Even our measuring stick reinforces this bias. Statistics New Zealand’s Consumer Price Index excludes land and house prices (because they are considered asset investments) - but they are the very assets most credit flows into. We target consumer inflation while overlooking asset inflation. Meanwhile, cheaper Prada bags, electronics, and holidays further obscure the rising costs of essentials, keeping the RBNZ from reining in the real cost of living.
In older language, those are false weights and measures.
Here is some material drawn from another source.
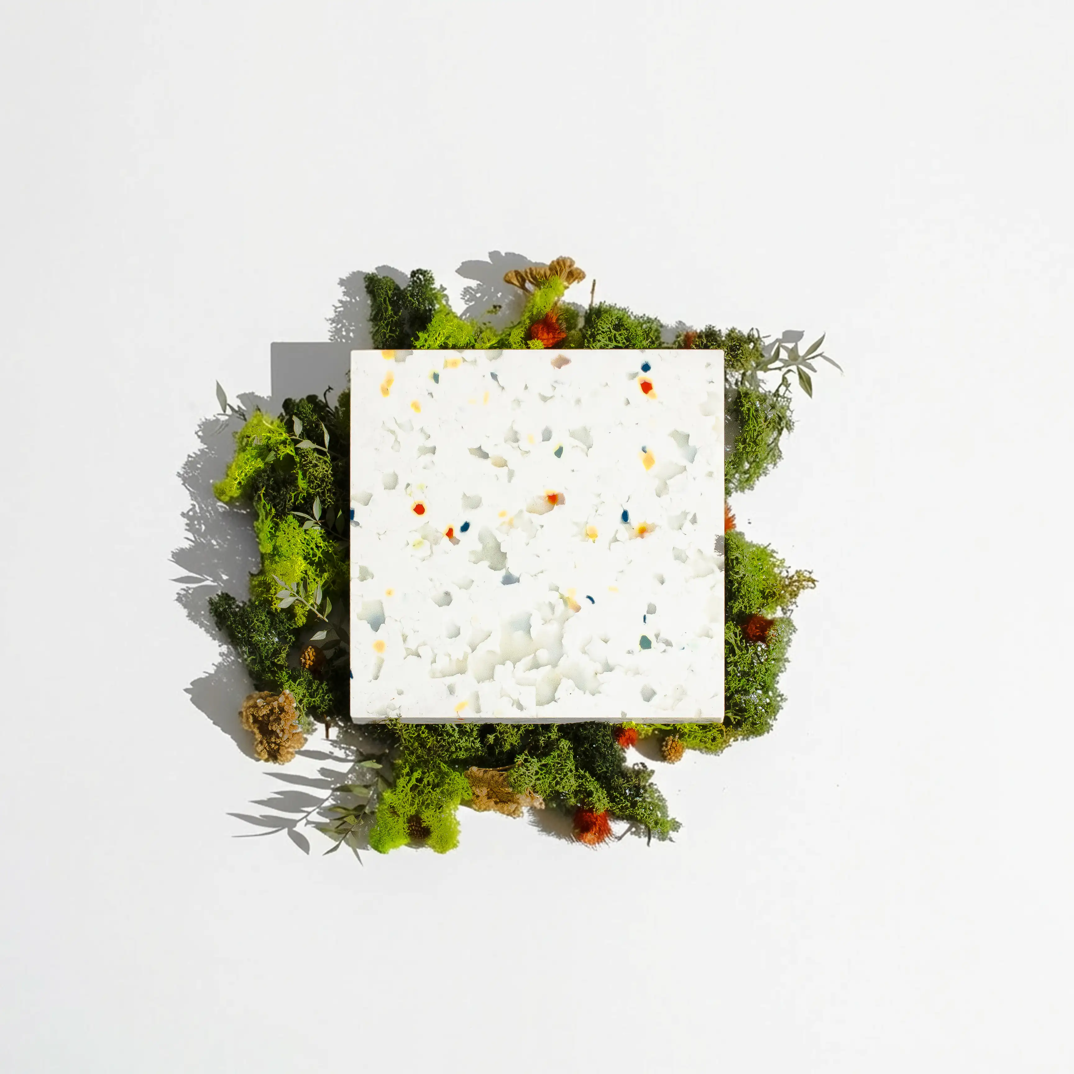 Karma, Chalk’un sade beyaz zeminini korurken içine serpiştirilmiş renkli parçacıklarla daha canlı bir karakter kazanır. Konfeti gibi dağılan bu küçük renk dokuları, her paneli benzersiz ve hareketli bir yüzeye dönüştürür.

I call it the “Treasury trap” - if you measure the wrong thing, you make the wrong decisions; and you get bad outcomes.
Just rule requires honest measures.
The consequences are visible everywhere: boil-water notices, crowded wards, ageing infrastructure, young families locked out of ownership, and tens of thousands leaving for Australia each year.
But we did not forget how to work. Ruthanasia changed where the money goes.
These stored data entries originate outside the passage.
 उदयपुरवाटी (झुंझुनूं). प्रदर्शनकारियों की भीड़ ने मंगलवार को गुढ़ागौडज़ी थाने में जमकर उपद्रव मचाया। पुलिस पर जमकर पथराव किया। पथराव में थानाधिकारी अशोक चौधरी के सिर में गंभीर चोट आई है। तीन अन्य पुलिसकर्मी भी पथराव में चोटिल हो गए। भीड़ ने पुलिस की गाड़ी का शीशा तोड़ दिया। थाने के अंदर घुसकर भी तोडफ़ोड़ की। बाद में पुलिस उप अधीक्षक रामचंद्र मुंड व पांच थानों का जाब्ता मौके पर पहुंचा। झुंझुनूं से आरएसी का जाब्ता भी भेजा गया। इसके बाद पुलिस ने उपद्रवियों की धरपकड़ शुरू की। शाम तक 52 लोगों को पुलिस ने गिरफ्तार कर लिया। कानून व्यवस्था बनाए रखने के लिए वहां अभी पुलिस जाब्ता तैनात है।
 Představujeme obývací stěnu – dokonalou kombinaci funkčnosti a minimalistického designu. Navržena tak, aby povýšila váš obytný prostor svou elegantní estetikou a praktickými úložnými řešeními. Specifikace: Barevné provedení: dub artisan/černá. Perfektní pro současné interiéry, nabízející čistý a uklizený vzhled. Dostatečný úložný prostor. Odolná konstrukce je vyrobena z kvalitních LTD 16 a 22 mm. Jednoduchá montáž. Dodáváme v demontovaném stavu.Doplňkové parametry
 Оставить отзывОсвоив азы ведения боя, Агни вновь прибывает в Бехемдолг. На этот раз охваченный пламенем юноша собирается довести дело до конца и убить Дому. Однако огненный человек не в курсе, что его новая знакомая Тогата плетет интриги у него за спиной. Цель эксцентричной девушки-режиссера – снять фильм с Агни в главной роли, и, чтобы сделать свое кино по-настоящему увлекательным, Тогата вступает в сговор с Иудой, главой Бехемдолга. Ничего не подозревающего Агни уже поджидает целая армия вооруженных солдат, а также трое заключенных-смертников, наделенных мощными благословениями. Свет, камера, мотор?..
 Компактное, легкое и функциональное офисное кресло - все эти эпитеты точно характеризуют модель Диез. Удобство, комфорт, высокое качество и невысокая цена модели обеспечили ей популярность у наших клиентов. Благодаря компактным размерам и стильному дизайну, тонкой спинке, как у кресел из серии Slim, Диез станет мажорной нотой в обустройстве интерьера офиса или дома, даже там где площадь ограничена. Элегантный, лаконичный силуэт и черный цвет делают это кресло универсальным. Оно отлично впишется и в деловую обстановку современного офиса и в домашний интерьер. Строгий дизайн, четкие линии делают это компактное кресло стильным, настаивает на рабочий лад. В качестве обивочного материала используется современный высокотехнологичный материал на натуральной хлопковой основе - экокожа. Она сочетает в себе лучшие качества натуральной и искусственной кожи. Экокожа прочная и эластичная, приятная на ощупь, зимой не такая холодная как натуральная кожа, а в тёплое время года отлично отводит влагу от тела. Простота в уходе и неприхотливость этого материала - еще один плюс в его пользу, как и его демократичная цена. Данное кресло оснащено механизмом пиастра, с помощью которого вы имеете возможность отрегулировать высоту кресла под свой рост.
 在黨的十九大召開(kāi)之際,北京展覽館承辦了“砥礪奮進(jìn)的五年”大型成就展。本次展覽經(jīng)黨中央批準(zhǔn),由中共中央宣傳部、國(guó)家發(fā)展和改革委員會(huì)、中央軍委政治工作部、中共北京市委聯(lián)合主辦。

Recent history shows the constraint was never purely financial. During Covid, tens of billions of dollars were mobilised within weeks. When government chose to act, the money was there. The limit is political design, not national capacity.
And that design was advanced by identifiable institutions and interests. Privatisation benefited merchant banks and asset buyers. Business lobby groups argued for shrinking the state’s building role further still.
The result is simple: public capacity shrinks, private lending expands, and families carry debts the state once carried.
Infrastructure falls behind. Privatisation follows.
This is not a left versus right argument. It is about stewardship.
Every successful country treats credit as a nation building tool. We treat it as something to fear while handing its creation to banks for property speculation.
These settings are not laws of nature. They are legislation. Parliament can rewrite them.
Our problem was never that we built too much. It is that we stopped building for ourselves, sold assets cheaply, and now rent them back at higher cost.
The Treasury trap was a choice made 35 years ago. Discarding it is also a choice. Or it would be, if any politician were prepared to offer it.